9.1.3. Choosing how to deploy RHCOS
Differences between RHCOS installations for OpenShift Container Platform are based on whether you are deploying on an infrastructure provisioned by the installer or by the user:
- Installer-provisioned: Some cloud environments offer preconfigured infrastructures that allow you to bring up an OpenShift Container Platform cluster with minimal configuration. For these types of installations, you can supply Ignition configs that place content on each node so it is there when the cluster first boots.
- User-provisioned: If you are provisioning your own infrastructure, you have more flexibility in how you add content to a RHCOS node. For example, you could add kernel arguments when you boot the RHCOS ISO installer to install each system. However, in most cases where configuration is required on the operating system itself, it is best to provide that configuration through an Ignition config.
The Ignition facility runs only when the RHCOS system is first set up. After that, Ignition configs can be supplied later using the machine config.
9.1.4. About Ignition
Ignition is the utility that is used by RHCOS to manipulate disks during initial configuration. It completes common disk tasks, including partitioning disks, formatting partitions, writing files, and configuring users. On first boot, Ignition reads its configuration from the installation media or the location that you specify and applies the configuration to the machines.

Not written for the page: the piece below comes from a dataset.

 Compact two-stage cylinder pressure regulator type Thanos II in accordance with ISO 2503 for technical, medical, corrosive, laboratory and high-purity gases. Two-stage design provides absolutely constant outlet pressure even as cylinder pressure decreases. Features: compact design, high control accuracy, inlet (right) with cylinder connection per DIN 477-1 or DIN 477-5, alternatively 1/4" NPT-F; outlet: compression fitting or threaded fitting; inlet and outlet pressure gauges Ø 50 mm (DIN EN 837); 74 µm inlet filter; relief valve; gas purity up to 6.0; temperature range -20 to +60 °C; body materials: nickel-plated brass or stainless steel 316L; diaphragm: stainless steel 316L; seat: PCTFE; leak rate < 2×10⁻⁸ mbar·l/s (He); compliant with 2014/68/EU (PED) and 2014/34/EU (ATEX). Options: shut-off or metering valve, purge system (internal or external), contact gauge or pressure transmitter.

Whether you are installing your cluster or adding machines to it, Ignition always performs the initial configuration of the OpenShift Container Platform cluster machines. Most of the actual system setup happens on each machine itself. For each machine, Ignition takes the RHCOS image and boots the RHCOS kernel. Options on the kernel command line identify the type of deployment and the location of the Ignition-enabled initial RAM disk (initramfs).

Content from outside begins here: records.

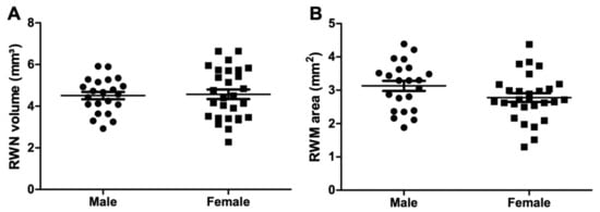 The RWN volume (A) and RWM area (B) did not differ between male and female patients.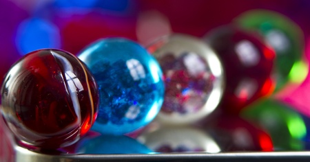 Colorful glass balls on a dark background. Shallow depth of field.
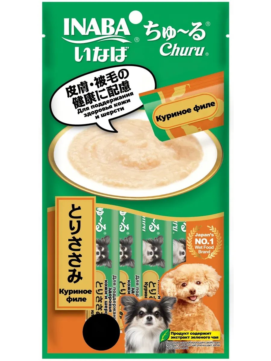 Inaba Churu Dog Treats (Puree), Healthy Skin and Coat, Chicken Fillet, (4 pcs. 14 g), 56 g. Inaba Churu Dog Treats (Puree), Healthy Skin and Coat, Chicken Fillet, (4 pcs. 14 g), 56 g. Functional Churu puree treats with chicken fillet for maintaining healthy skin and coat from the Japanese manufacturer Inaba are made exclusively from natural ingredients and have a high moisture content, which helps maintain the dog's water balance. Inaba food and treats are distinguished by high quality and unique taste, because they are made only from selected traditional Japanese ingredients! Convenient packaging allows you to feed your pet directly from your hand, using the treat as a reward or training, or use it as a topping for dry or wet food. All products contain green tea extract, which, thanks to the catechin content, neutralizes unpleasant intestinal odors. The composition is enriched with vitamin E - a natural antioxidant that supports the immune system, does not contain artificial additives, colors and preservatives. Ingredients: chicken fillet, chicken fat, starch, chicken extract, vegetable oil, thickener, yeast extract, calcium phosphate, chitosan, vitamin E, collagen, fish oil, red fermented rice, green tea extract. Analytical composition: protein 6.8%, fat 1.4%, fiber 0.9%, ash 0.7%, moisture 87.6% Energy value: 25 kcal (6.25 * 4)

9.1.4.1. How Ignition works
To create machines by using Ignition, you need Ignition config files. The OpenShift Container Platform installation program creates the Ignition config files that you need to deploy your cluster. These files are based on the information that you provide to the installation program directly or through an install-config.yaml
file.
The way that Ignition configures machines is similar to how tools like cloud-init or Linux Anaconda kickstart configure systems, but with some important differences:
- Ignition runs from an initial RAM disk that is separate from the system you are installing to. Because of that, Ignition can repartition disks, set up file systems, and perform other changes to the machine’s permanent file system. In contrast, cloud-init runs as part of a machine init system when the system boots, so making foundational changes to things like disk partitions cannot be done as easily. With cloud-init, it is also difficult to reconfigure the boot process while you are in the middle of the node boot process.

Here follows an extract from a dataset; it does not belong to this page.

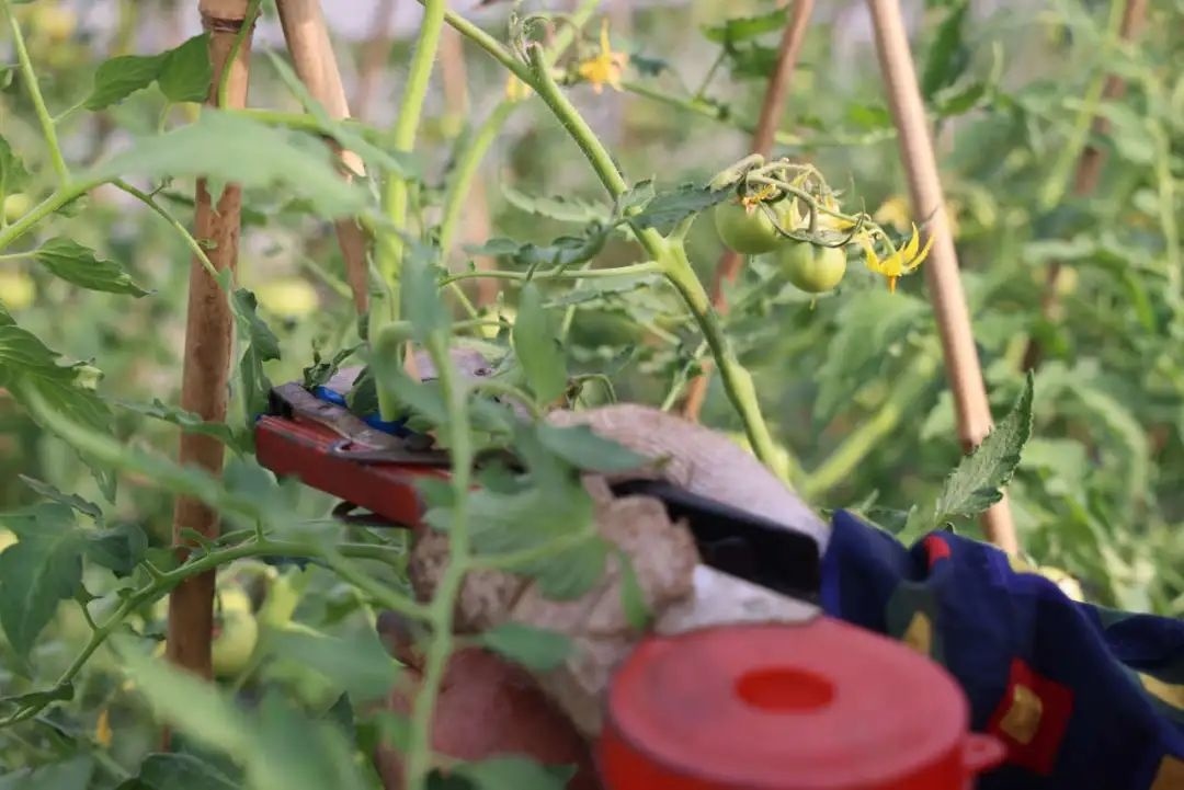在珠丰甜瓜专业合作社的大棚内,几名工人在采摘完成熟的番茄后,又忙着给即将成熟的番茄整枝、绑蔓。工人们告诉记者,这样的栽培方法可以避免果实在成熟后互相积压、影响发育,让果实在成熟后集中成串,外形更显饱满。约两周后,这一批次的“桃太郎”番茄也将集中采摘上市,与市民见面。

- Ignition is meant to initialize systems, not change existing systems. After a machine initializes and the kernel is running from the installed system, the Machine Config Operator from the OpenShift Container Platform cluster completes all future machine configuration.
- Instead of completing a defined set of actions, Ignition implements a declarative configuration. It checks that all partitions, files, services, and other items are in place before the new machine starts. It then makes the changes, like copying files to disk that are necessary for the new machine to meet the specified configuration.
- After Ignition finishes configuring a machine, the kernel keeps running but discards the initial RAM disk and pivots to the installed system on disk. All of the new system services and other features start without requiring a system reboot.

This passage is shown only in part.